The names are still not the best, but I hope they are more intuitive.
The fix includes several bug fixes that are not directly related to the automatic optimization
but are necessary to keep EOS running properly to do the automatic optimization and
to test and document the changes.
This is a breaking change as the configuration structure changed once again and
the server API was also enhanced and streamlined. The server API that is used by
Andreas and Jörg in their videos has not changed.
* fix: automatic optimization
Allow optimization to automatically run on configured intervals gathering all
optimization parameters from configuration and predictions. The automatic run
can be configured to only run prediction updates skipping the optimization.
Extend documentaion to also cover automatic optimization. Lock automatic runs
against runs initiated by the /optimize or other endpoints. Provide new
endpoints to retrieve the energy management plan and the genetic solution
of the latest automatic optimization run.
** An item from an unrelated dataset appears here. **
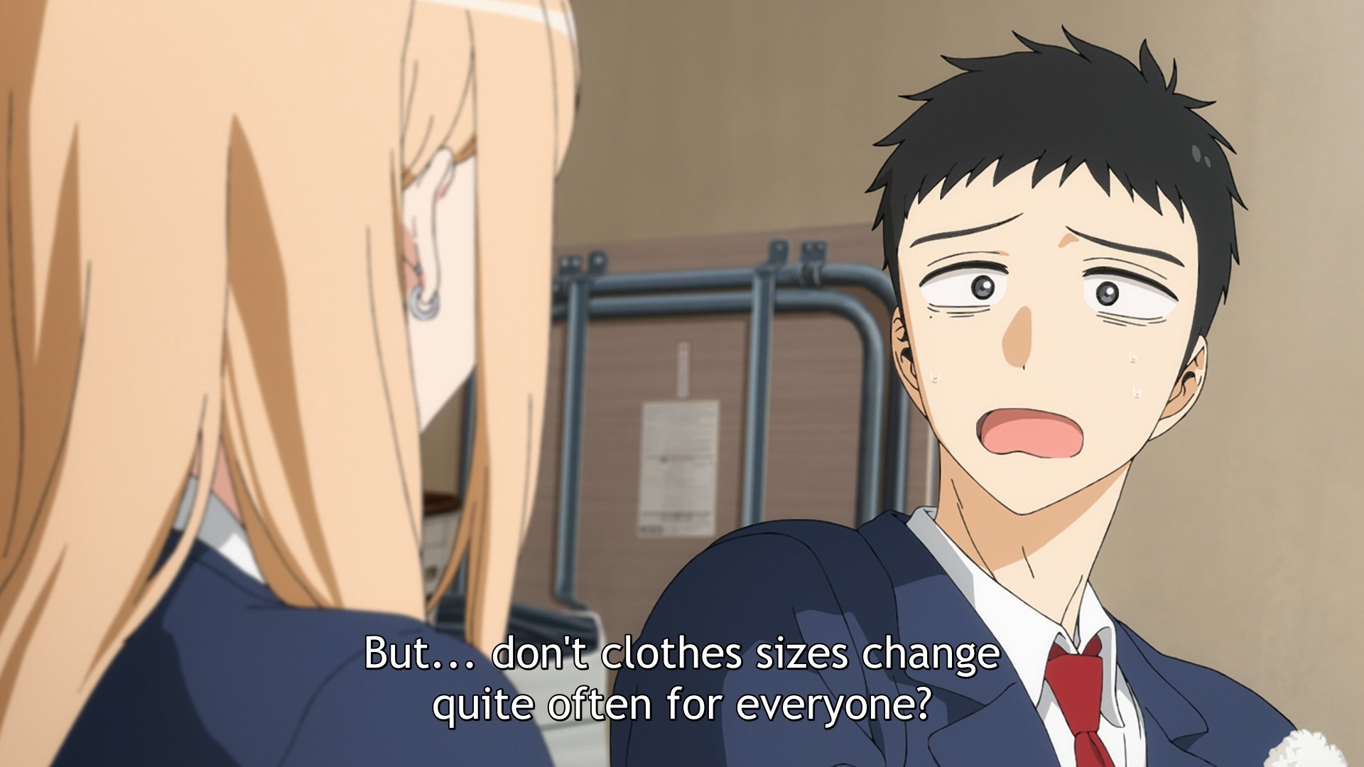 Can you really tell that Marin has gained weight? Apparently yes; multiple people point it out in this week’s episode. In fact, Nowa supposedly noticed it when Marin was cosplaying as Rei-sama during the cultural festival. Well, you coulda fooled me. But it’s anime, so it’s hard to tell unless they oversell it. Anime can show me two different characters, tell me that person A is way hotter than person B, and I’ll just be like “Hweh?” But I digress. Marin’s girlies actually speculate that the special undies required to give a person a masculine body shape probably hid the weight gain. But if that’s true, then how did Nowa notice anything? At the end of the day, ball don’t lie, and the “ball” in this case is Gojo’s bespoke costumes. They were specifically tailored to a snapshot of Marin’s body, and if they don’t fit, then they don’t fit. Can’t be in denial about that.

Offload energy management to thread
pool executor to keep the app more responsive during the CPU heavy optimization
run.
* fix: EOS servers recognize environment variables on startup
Force initialisation of EOS configuration on server startup to assure
all sources of EOS configuration are properly set up and read. Adapt
server tests and configuration tests to also test for environment
variable configuration.
* fix: Remove 0.0.0.0 to localhost translation under Windows
EOS imposed a 0.0.0.0 to localhost translation under Windows for
convenience. This caused some trouble in user configurations. Now, as the
default IP address configuration is 127.0.0.1, the user is responsible
for to set up the correct Windows compliant IP address.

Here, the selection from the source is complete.